Italy's beleaguered Prime Minister Silvio Berlusconi on Wednesday addressed Italy's parliament in the wake of a razor-thin victory in a no-confidence vote and vowed to serve out the remaining 30 months of his term of office. But despite the victory, the odds remain stacked against the 74-year- old leader.
Berlusconi's coalition on Tuesday mustered 317 votes in the 630-member chamber, barely giving him the majority he needed to hold onto power. If Berlusconi had been defeated, he would have been required to step down from office.
The vote came at the worst of times for Berlusconi, who in recent weeks had suffered a series of electoral setbacks in two rounds of nationwide mayoral votes, and who on Sunday gave into a basket of controversial demands from his most important remaining coalition partner to keep him from pulling his support and triggering a government collapse.
Berlusconi is also under investigation in three open court cases, and has suffered from the defections of key allies, a weak economy, and deteriorating approval levels.
So far, Berlusconi's concessions to coalition partner Umberto Bossi have not garnered much attention in Italy: the two men agreed Sunday to lower taxes, pull out from the military coalition operating in Libya by September, and to further decentralize government decision-making powers.

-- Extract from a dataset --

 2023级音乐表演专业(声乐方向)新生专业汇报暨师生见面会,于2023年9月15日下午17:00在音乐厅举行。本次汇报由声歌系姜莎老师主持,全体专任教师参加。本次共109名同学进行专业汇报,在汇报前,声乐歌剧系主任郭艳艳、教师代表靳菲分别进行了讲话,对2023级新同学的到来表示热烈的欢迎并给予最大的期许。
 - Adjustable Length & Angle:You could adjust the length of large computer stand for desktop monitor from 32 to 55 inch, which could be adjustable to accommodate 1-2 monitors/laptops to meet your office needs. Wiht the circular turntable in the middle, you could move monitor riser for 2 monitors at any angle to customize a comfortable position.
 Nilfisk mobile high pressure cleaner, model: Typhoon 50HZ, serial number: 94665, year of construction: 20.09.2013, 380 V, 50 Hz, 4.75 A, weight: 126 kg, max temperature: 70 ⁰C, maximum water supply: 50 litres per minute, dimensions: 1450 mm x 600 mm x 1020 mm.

It's the tax decision that may come back to haunt Berlusconi's coalition. The government's own Minister of Finance criticized the move, and economists said lowering taxes would balloon Italy' s debt, increase the price of government bonds, and put Italy on the precipice of entering into an economic crisis along the lines of the one that has gripped Greece and Ireland.
Even before the tax cut, Italy's public debt was worth 120 percent of the country's gross domestic product, the highest level in the European Union, and government tax revenue had fallen for five consecutive years.

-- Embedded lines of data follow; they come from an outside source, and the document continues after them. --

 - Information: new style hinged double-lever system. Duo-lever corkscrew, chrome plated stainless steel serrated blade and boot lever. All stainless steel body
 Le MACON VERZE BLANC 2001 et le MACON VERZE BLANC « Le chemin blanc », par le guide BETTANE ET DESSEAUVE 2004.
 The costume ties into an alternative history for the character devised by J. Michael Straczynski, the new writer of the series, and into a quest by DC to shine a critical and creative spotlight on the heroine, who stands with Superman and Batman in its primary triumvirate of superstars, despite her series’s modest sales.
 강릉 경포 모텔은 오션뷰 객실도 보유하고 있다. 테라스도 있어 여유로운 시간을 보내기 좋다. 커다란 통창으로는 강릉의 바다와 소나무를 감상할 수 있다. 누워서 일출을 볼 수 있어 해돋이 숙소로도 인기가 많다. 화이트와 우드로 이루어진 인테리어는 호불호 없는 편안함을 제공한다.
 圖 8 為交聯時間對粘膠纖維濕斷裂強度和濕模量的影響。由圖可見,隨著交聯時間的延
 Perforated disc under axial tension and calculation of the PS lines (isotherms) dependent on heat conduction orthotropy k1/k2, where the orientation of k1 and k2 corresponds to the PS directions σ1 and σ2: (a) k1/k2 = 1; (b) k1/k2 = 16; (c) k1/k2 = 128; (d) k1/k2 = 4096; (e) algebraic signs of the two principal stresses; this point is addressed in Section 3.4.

"There is a real risk of any significant tax cuts creating problems in Italy's already troubled public accounts," Javier Noriega, chief economist with Milan investment bankers Hildebrandt and Ferrar, told Xinhua.
"It remains to be seen how large the tax cuts will be, and whether there will be any offsets from government spending. But whatever the answers to those questions are, it's clear that this is a time to be paying off the government's debt and not adding to it."

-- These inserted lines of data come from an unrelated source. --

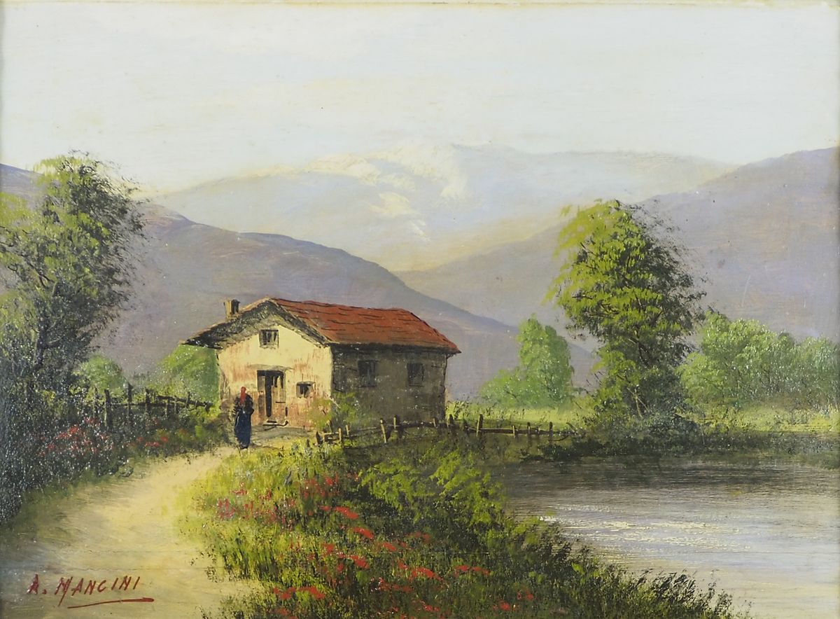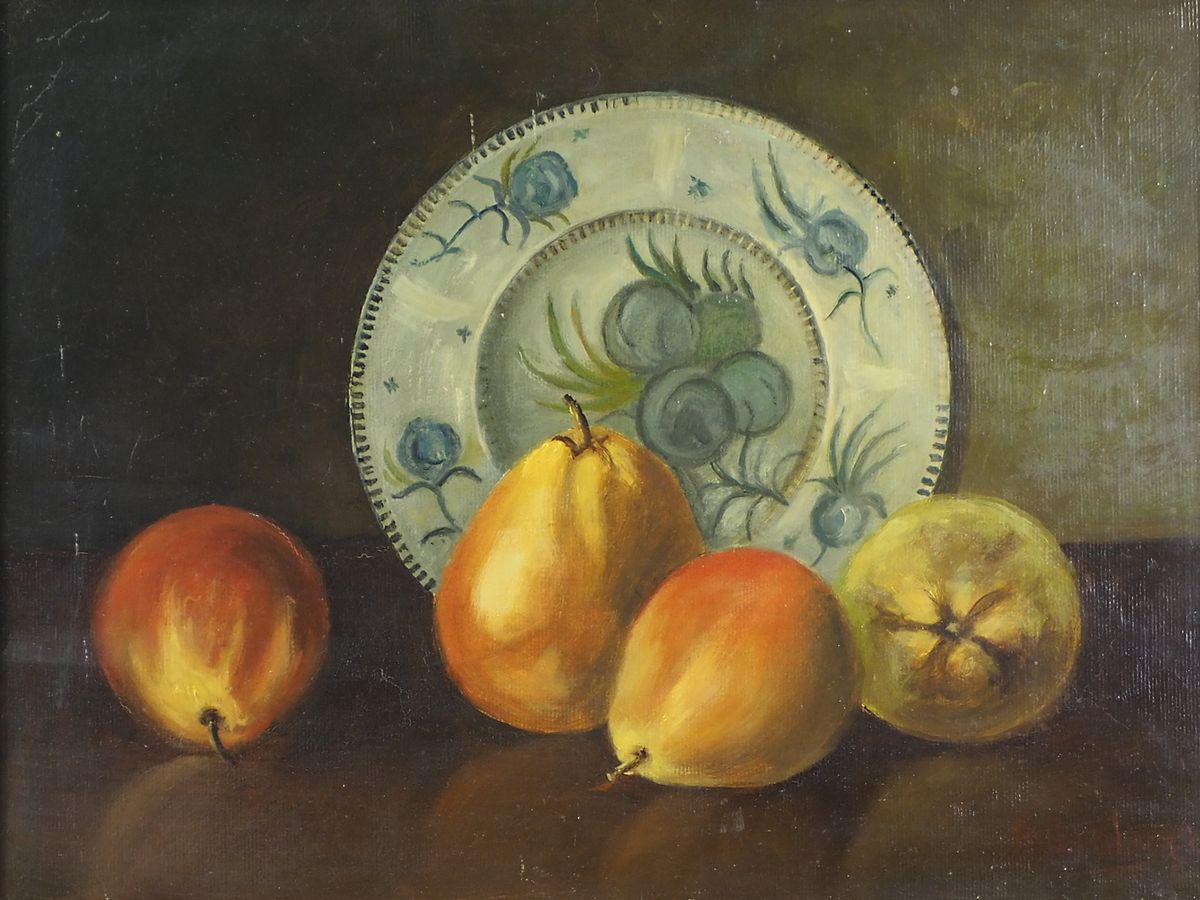Lotto 5 | Lotto di 2 opere ad olio raffiguranti paesaggio e natura morta. Misure diverse.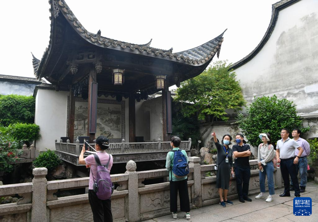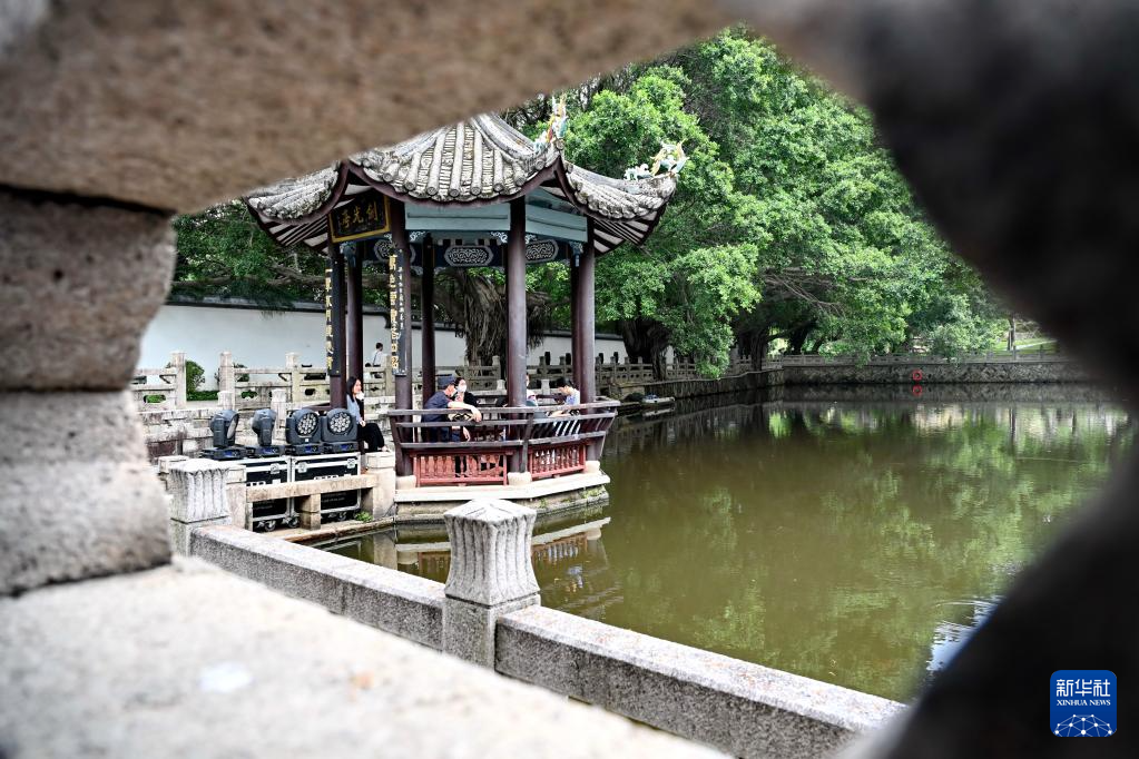 游客在位于福州三坊七巷历史文化街区的全国重点文物保护单位水榭戏台参观(5月16日摄)。新华社记者 魏培全 摄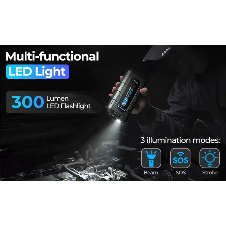 - Jump Start Capacity: 8L Gas, 6L Diesel

Even if the fiscal problems stemming from the tax cuts do not materialize, Bossi remains a wildcard. The head of the separatist Northern league party, Bossi's sudden departure caused the collapse of Berlusconi's first government back in 1994, and since then he has been far from a reliable coalition partner.
The defection of other key members of Berlusconi's historical coalition partners have only increased the controversial Bossi's influence in the coalition, and he has not been shy about using it to further his agenda.
Despite a long series of moves to shift more government power from Rome to the regional and local levels, Bossi wants that to continue. Bossi says he would also like to see the size of government reduced, for it to be harder for immigrants to make a home in Italy, and for the country's international obligations to be kept to a minimum.
What is not yet clear is how much of that agenda the government can promote without putting its own survival in jeopardy.